A smaller but still large difference holds up in BenchmarkTools:

julia> @btime print(devnull, $("Hello"))
  2.100 ns (0 allocations: 0 bytes)

julia> @btime print(Core.stdout, $("Hello"))
#= omitted Hellos=#  18.300 μs (0 allocations: 0 bytes)

EDIT: Julia appears to implement print(devnull, ...) to do nothing, so it’s indeed different if redirecting at the command line doesn’t do that (timings suggest so).

unsafe_write(::DevNull, ::Ptr{UInt8}, n::UInt)::Int = n

unsafe_write(io::Union{Core.CoreSTDERR, Core.CoreSTDOUT}, x::Ptr{UInt8}, nb::UInt) = Core.unsafe_write(io, x, nb)

I use min number, not intervals to subtract.

I’m tracing down what it does and is uses malloc_s (non-standard malloc according to AI, not sure where defined) that is not freed, unless I missed it or if not needed; it it like alloca?

I see it used a lot in Julia, didn’t find a definition of it there (might have missed), only for e.g.
malloc_size and malloc_usable_size).

Yes, that 15x is huge and real, and 5x may be approximate, but so far from it that I think not comparable, likely to be very underestimated to me close to 15x.

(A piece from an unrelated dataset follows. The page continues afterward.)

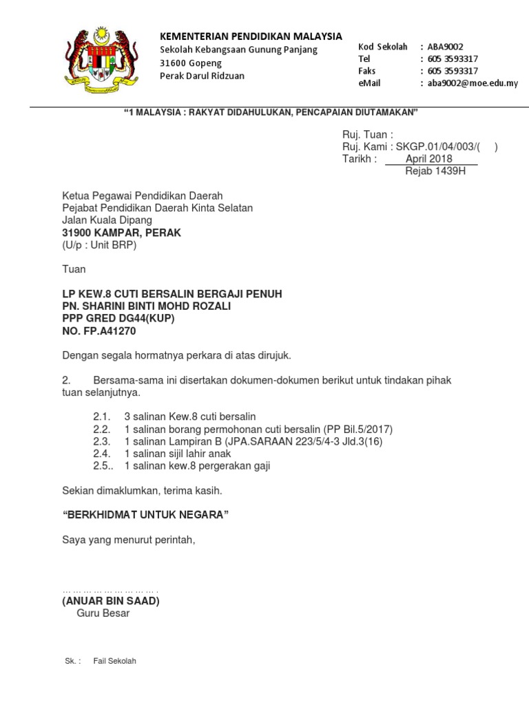 Portal rasmi kementerian pendidikan malaysia. Cuti bersalin pegawai hendaklah mengambil cuti bersalin antara 60 hingga 90 hari dengan menggunakan kemudahan berikut. Pdf contoh surat kebenaran membuka akaun simpanan i di bank rakyat beserta kads1m debit docx 359 kb. 7 1 bagi pegawai selain guru.

So no scalable, you think malloc or rather malloc_s the issue, and missing corresponding free[_s]?

I think I now ruled it out defined in Julia; and seeing in unrealated place:

char *name = (char*)(len >= 256 ? malloc_s(alloc_len) : alloca(alloc_len));

I infer it’s not stack allocation like alloca [there],

“Googling” “malloc_s” Google’s AI tells me (basically secure malloc wrapper, but where defined?! in GNU libc?):

The function malloc_s is not a standard C library function. It is likely a custom or secure version of the malloc function, often found in libraries designed for security-conscious or embedded systems. These “safe” versions of malloc often include additional error checking or initialization features, such as zero-filling the allocated memory.

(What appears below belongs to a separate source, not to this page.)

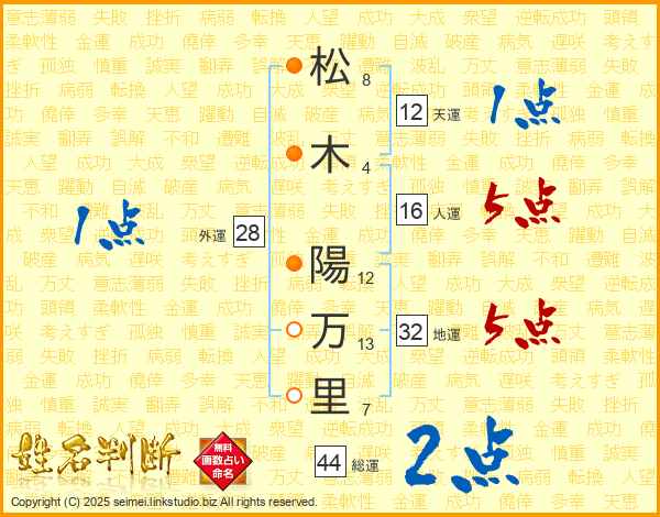 松(8画)木(4画) 陽(12画)万(13画)里(7画)

Here’s a breakdown of what malloc_s might entail:

Security Considerations:
Standard malloc can return NULL if memory allocation fails, which can lead to crashes if not handled properly. malloc_s might be designed to handle errors more gracefully, potentially by logging errors or returning a specific error code rather than a NULL pointer.

Initialization:
malloc does not automatically initialize the allocated memory. malloc_s might initialize the allocated block to all zeros or some other default value, which can prevent issues with uninitialized data in some scenarios

FYI: https://stackoverflow.com/questions/10191981/memcpy-s-and-strcpy-s-error-but-manual-for-loop-works

In my example, strcpy_s and malloc_s throw an error

Implying C++?

It’s neither defined here (only other nonstandard):
Replacing malloc (The GNU C Library) or here:
malloc(3) - Linux manual page

It IS found once in this online book (why is it so hard to find a definition, it’s driving be crazy…):

Secure Coding in C and C++

Off-topic but intriguing:

malloc_s IS actually defined in Julia (as wrapper for malloc, you just need to search for “*malloc_s”…) and as any malloc it needs a corresponding free.

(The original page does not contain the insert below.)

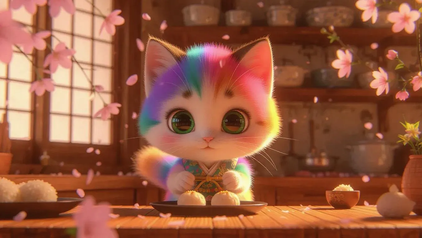 A precious tiny being from a dreamy world, with a lively, multicolored fur and enchanting, large eyes. Discovered in a cozy kitchen of a traditional noodle house, preparing soba and onigiri. The scene features quintessential Japanese decor: etched doors, hanging walls, wooden shelves, and falling cherry petals.

I recall I’ve seen this code in Julia before. The free then was in a DIFFERENT function. Such awfulness (is that standard programming, was new to me?). Back then it was matched, I confirmed NOT a leak that I had suspected (but also found out these mallocs are invisible to Julia profiler tools) and now I’m trying to find it back. This is UV code, and using of it, and if I recall the free lives in the UV codebase (likely related to uv_write), but the corresponding malloc_s IS in the JuliaLang codebase… so not just in a different function.

I want to find it again to see if there’s actually some reason that free isn’t triggered, i.e. a memory leak…

[E.g. free_write_req in UV has two stray frees, but that’s I think not the function I was looking for.]